Exercise — Apart from the images, repeat the data below exactly as written.

Information shown —
== Segment start ==

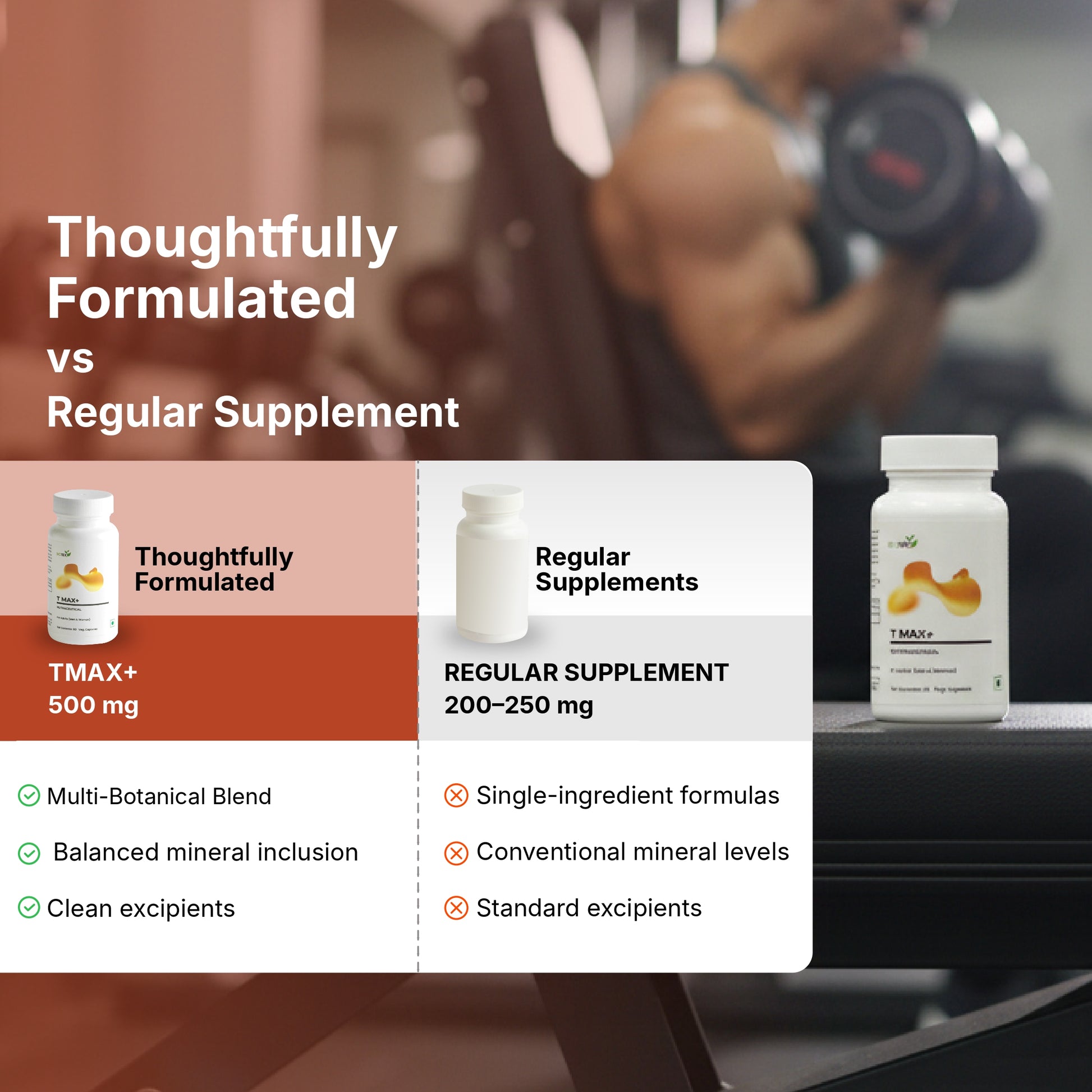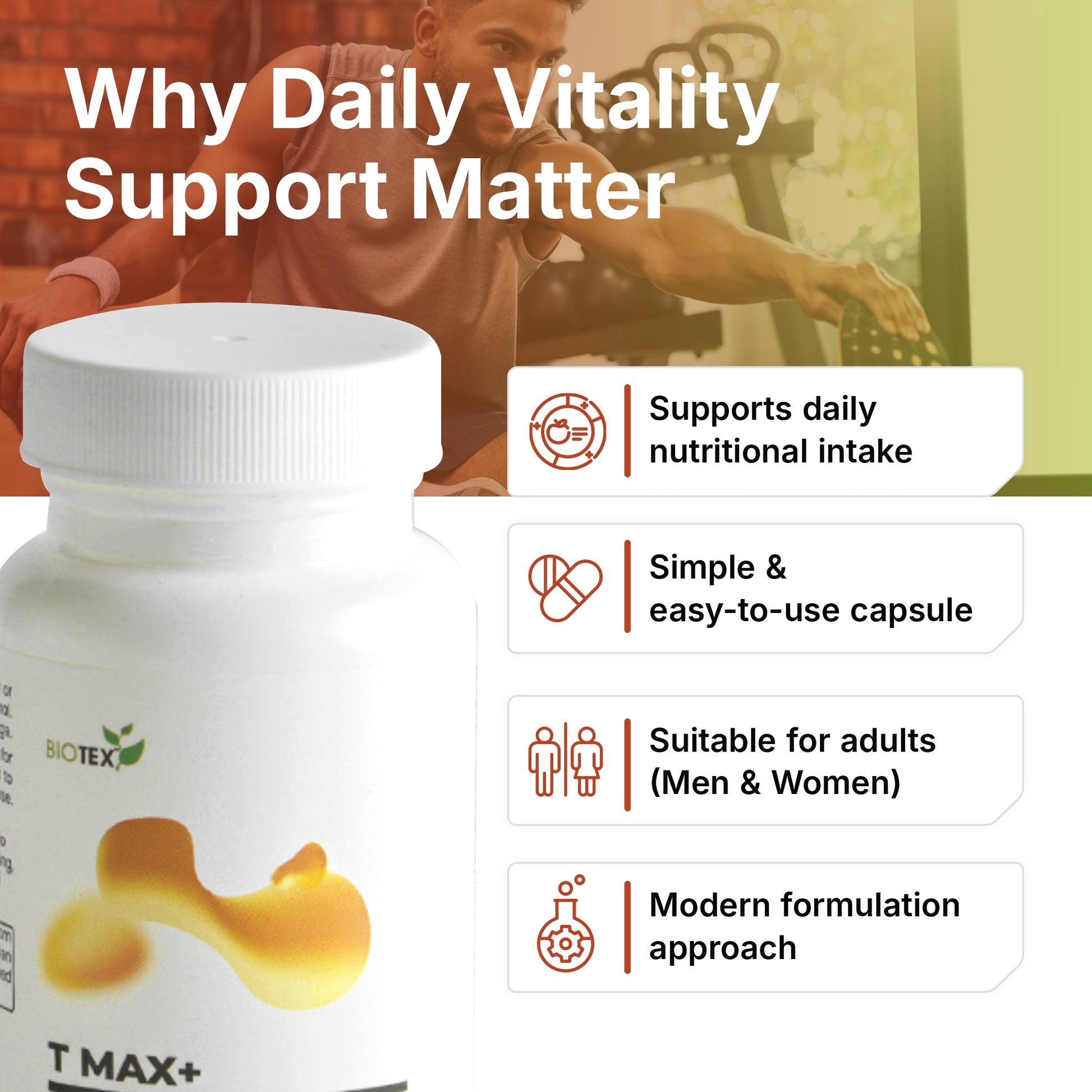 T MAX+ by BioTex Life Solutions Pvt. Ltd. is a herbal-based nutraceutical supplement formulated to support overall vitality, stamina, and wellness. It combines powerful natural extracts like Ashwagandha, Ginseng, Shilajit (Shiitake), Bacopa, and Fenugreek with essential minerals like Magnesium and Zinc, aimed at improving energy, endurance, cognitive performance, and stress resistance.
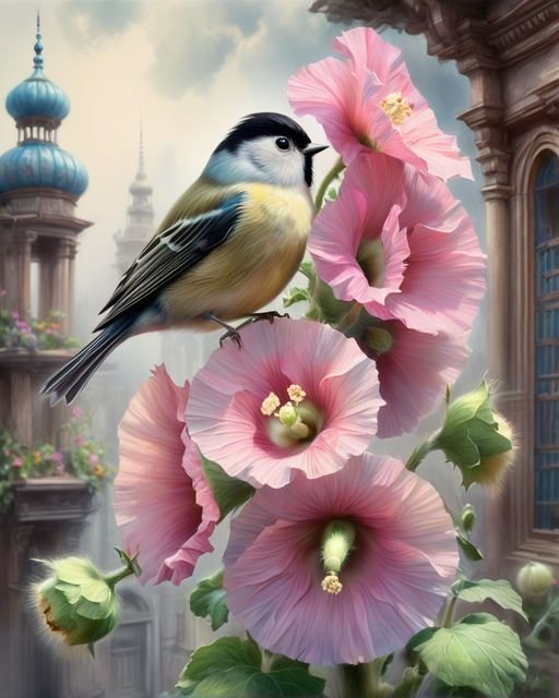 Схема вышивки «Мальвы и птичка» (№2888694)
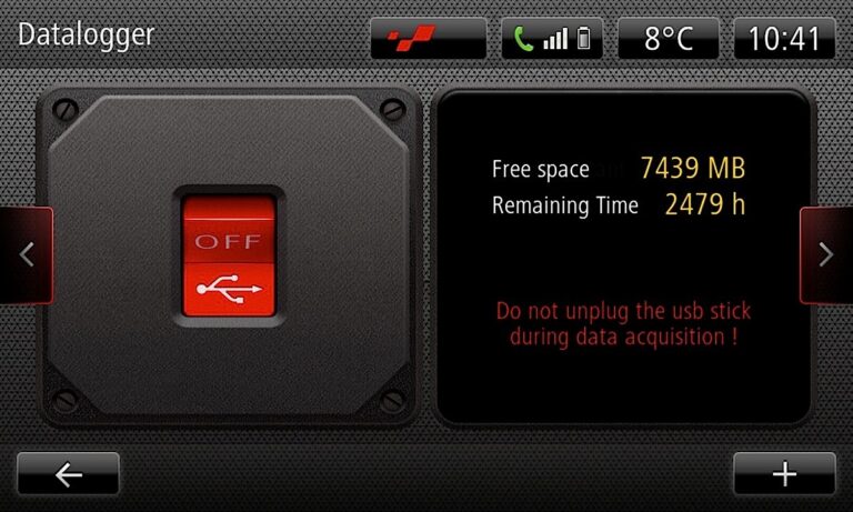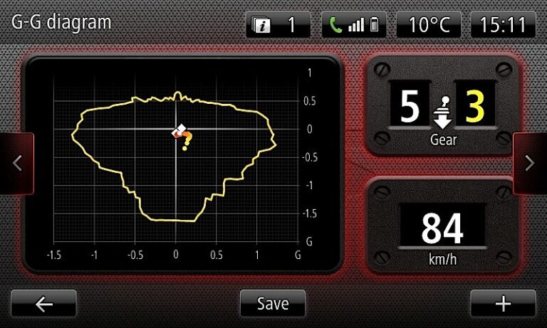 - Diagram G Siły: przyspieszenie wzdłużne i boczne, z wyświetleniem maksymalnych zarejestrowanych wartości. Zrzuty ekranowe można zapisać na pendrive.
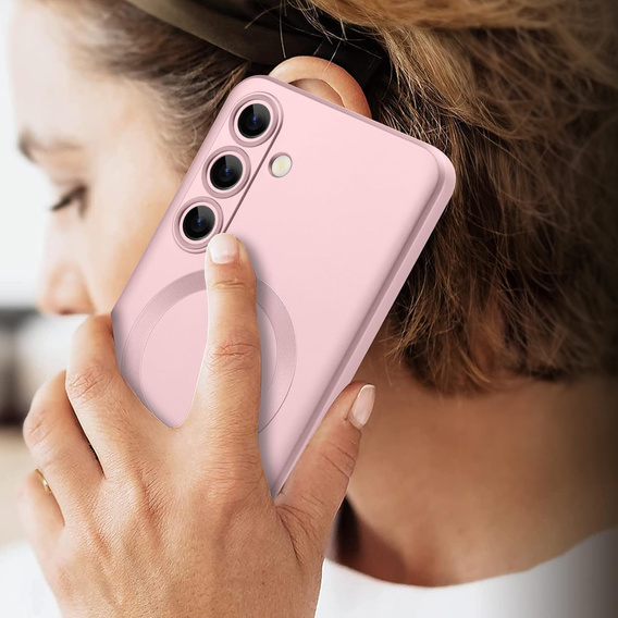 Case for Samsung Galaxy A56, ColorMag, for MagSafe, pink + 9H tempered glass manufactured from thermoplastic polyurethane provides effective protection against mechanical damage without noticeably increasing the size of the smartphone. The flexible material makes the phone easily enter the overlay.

== Segment end ==

Written solution —
 T MAX+ by BioTex Life Solutions Pvt. Ltd. is a herbal-based nutraceutical supplement formulated to support overall vitality, stamina, and wellness. It combines powerful natural extracts like Ashwagandha, Ginseng, Shilajit (Shiitake), Bacopa, and Fenugreek with essential minerals like Magnesium and Zinc, aimed at improving energy, endurance, cognitive performance, and stress resistance.
 Схема вышивки «Мальвы и птичка» (№2888694)
 - Diagram G Siły: przyspieszenie wzdłużne i boczne, z wyświetleniem maksymalnych zarejestrowanych wartości. Zrzuty ekranowe można zapisać na pendrive.
 Case for Samsung Galaxy A56, ColorMag, for MagSafe, pink + 9H tempered glass manufactured from thermoplastic polyurethane provides effective protection against mechanical damage without noticeably increasing the size of the smartphone. The flexible material makes the phone easily enter the overlay.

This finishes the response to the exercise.